**Available data**:
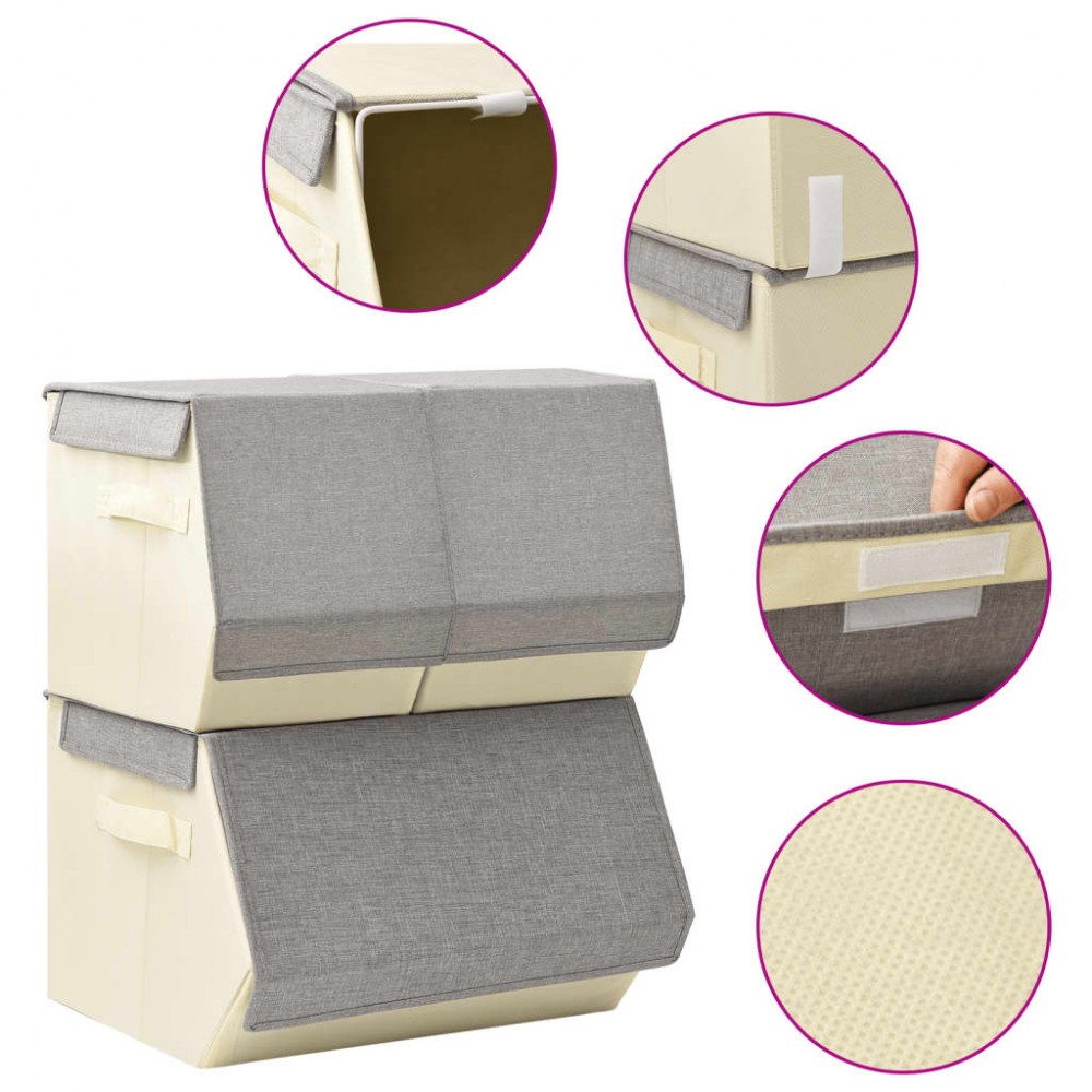 Set Scatole Portaoggetti Impilabili 3pz in Tessuto Grigio e Crema
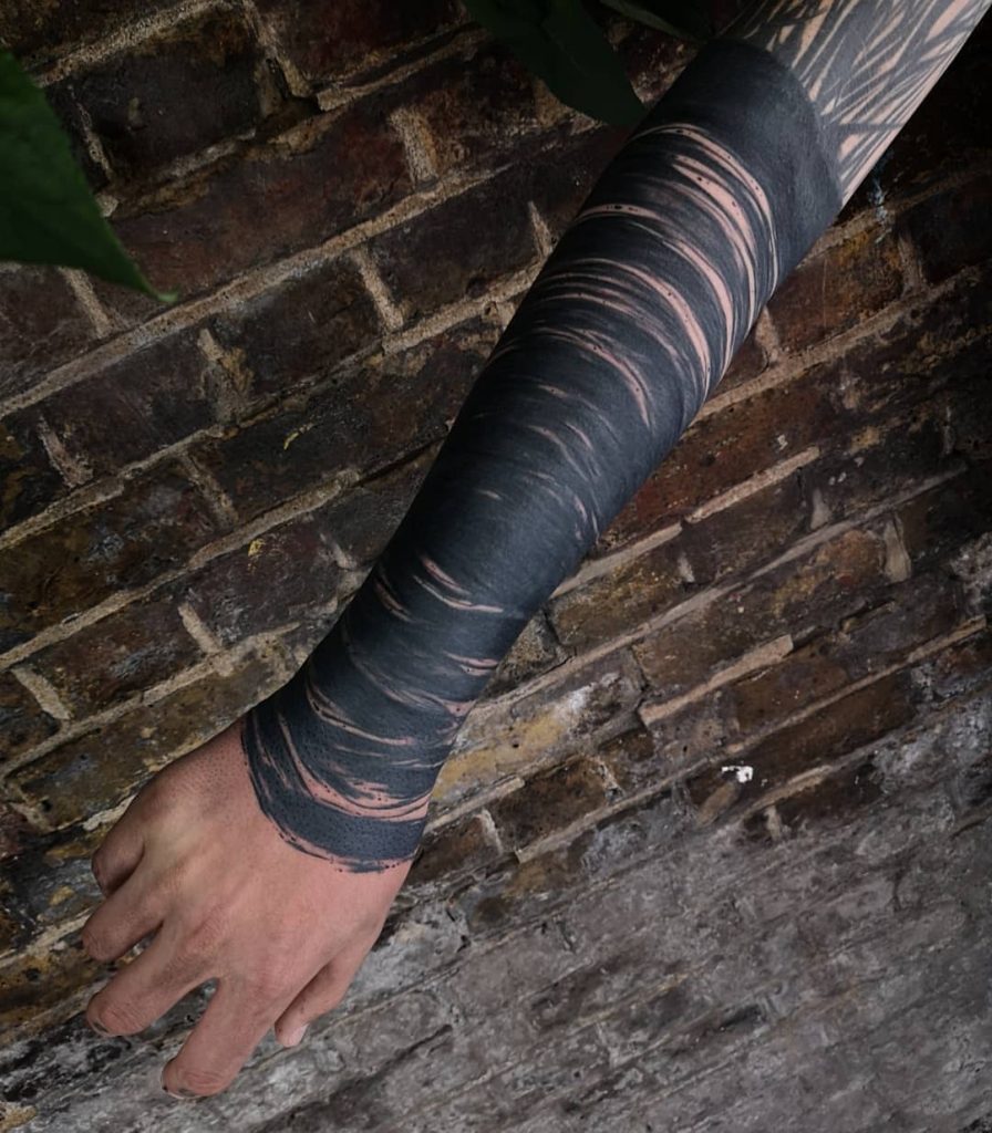 O Blackout consiste em um estilo de tatuagem que cobre a pele com blocos sólidos de tinta preta.
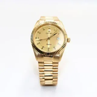 Reloj de pulsera con un diseño clásico y elegante. - Esfera de color dorado. - Brazalete de eslabones en tonos plateados y dorados. - Indicador de día y fecha.
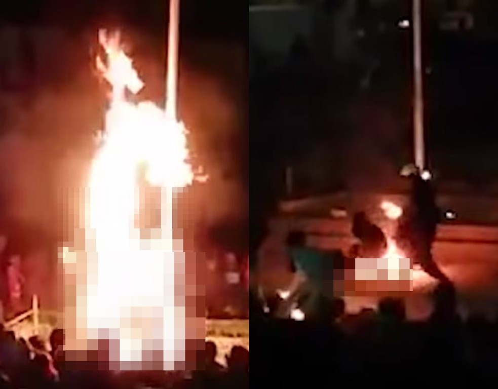 ▲綁柱子潑汽油放火!800村民「私刑」偷車賊,誇張火焰秒噴2米高。(圖/翻攝自liveleak/Viking Marauder)
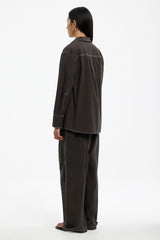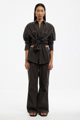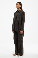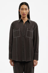 The Charley Shirt in Espresso is a relaxed wardrobe staple with a utilitarian twist. Crafted from crisp cotton, this unlined style features a functional button front, chest pockets, and front splits that can be tied at the waist for a styled finish. Contrast topstitching adds a refined touch to this easy, off-duty silhouette.

**Exercise details**: Transcribe exactly the lines running from the line with "O Blackout consiste" to the last line of the entries. Pictures stay out of the copy.

**Answer to the exercise**:
 O Blackout consiste em um estilo de tatuagem que cobre a pele com blocos sólidos de tinta preta.
 Reloj de pulsera con un diseño clásico y elegante. - Esfera de color dorado. - Brazalete de eslabones en tonos plateados y dorados. - Indicador de día y fecha.
 ▲綁柱子潑汽油放火!800村民「私刑」偷車賊,誇張火焰秒噴2米高。(圖/翻攝自liveleak/Viking Marauder)
 The Charley Shirt in Espresso is a relaxed wardrobe staple with a utilitarian twist. Crafted from crisp cotton, this unlined style features a functional button front, chest pockets, and front splits that can be tied at the waist for a styled finish. Contrast topstitching adds a refined touch to this easy, off-duty silhouette.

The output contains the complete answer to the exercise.